Find the total number of six digit numbers `x_(1)x_(2)x_(3)x_(4)x_(5)x_(6)` having the property `x_(1)ltx__(2)lex_(3)ltx_(4)ltx_(5)lex_(6)`.

To solve the problem of finding the total number of six-digit numbers \( x_1x_2x_3x_4x_5x_6 \) such that \( x_1 < x_2 \leq x_3 < x_4 < x_5 \leq x_6 \), we can follow these steps: ### Step 1: Understand the constraints The digits \( x_1, x_2, x_3, x_4, x_5, x_6 \) must be chosen from the digits 1 to 9 (since 0 cannot be the leading digit of a six-digit number). The constraints imply that: - \( x_1 < x_2 \) - \( x_2 \leq x_3 \) - \( x_3 < x_4 \) - \( x_4 < x_5 \) - \( x_5 \leq x_6 \) ### Step 2: Transform the problem To simplify the counting, we can redefine the variables to account for the equalities: - Let \( y_1 = x_1 \) - Let \( y_2 = x_2 \) - Let \( y_3 = x_3 \) - Let \( y_4 = x_4 \) - Let \( y_5 = x_5 \) - Let \( y_6 = x_6 \) We can express the conditions as: - \( y_1 < y_2 \) - \( y_2 \leq y_3 \) - \( y_3 < y_4 \) - \( y_4 < y_5 \) - \( y_5 \leq y_6 \) ### Step 3: Count the distinct digits To satisfy the inequalities, we can think of choosing 6 digits from the set {1, 2, 3, 4, 5, 6, 7, 8, 9}. Since we have 9 possible digits and we need to choose 6, we can use combinations. ### Step 4: Use combinations We can break this down into cases based on the number of distinct digits selected. The maximum number of distinct digits we can choose is 9, and we need to account for the cases where some digits can be repeated due to the inequalities. 1. **Case 1**: All digits are distinct. This corresponds to choosing 6 different digits from 9, which is \( \binom{9}{6} \). 2. **Case 2**: One digit is repeated. This corresponds to choosing 5 different digits from 9, which is \( \binom{9}{5} \). 3. **Case 3**: Two digits are repeated.

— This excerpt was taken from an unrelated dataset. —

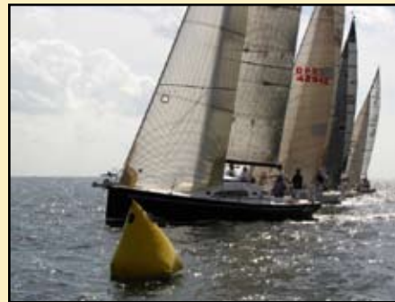
The placid start of race two.

This corresponds to choosing 4 different digits from 9, which is \( \binom{9}{4} \). ### Step 5: Calculate the total Now we can sum the combinations from all cases: \[ \text{Total} = \binom{9}{6} + \binom{9}{5} + \binom{9}{4} \] Using the combination formula \( \binom{n}{r} = \frac{n!}{r!(n-r)!} \): - \( \binom{9}{6} = \binom{9}{3} = \frac{9 \times 8 \times 7}{3 \times 2 \times 1} = 84 \) - \( \binom{9}{5} = \binom{9}{4} = \frac{9 \times 8 \times 7 \times 6}{4 \times 3 \times 2 \times 1} = 126 \) - \( \binom{9}{4} = \frac{9 \times 8 \times 7 \times 6}{4 \times 3 \times 2 \times 1} = 126 \) Thus, the total is: \[ \text{Total} = 84 + 126 + 126 = 336 \] ### Final Answer The total number of six-digit numbers \( x_1x_2x_3x_4x_5x_6 \) satisfying the given conditions is **336**.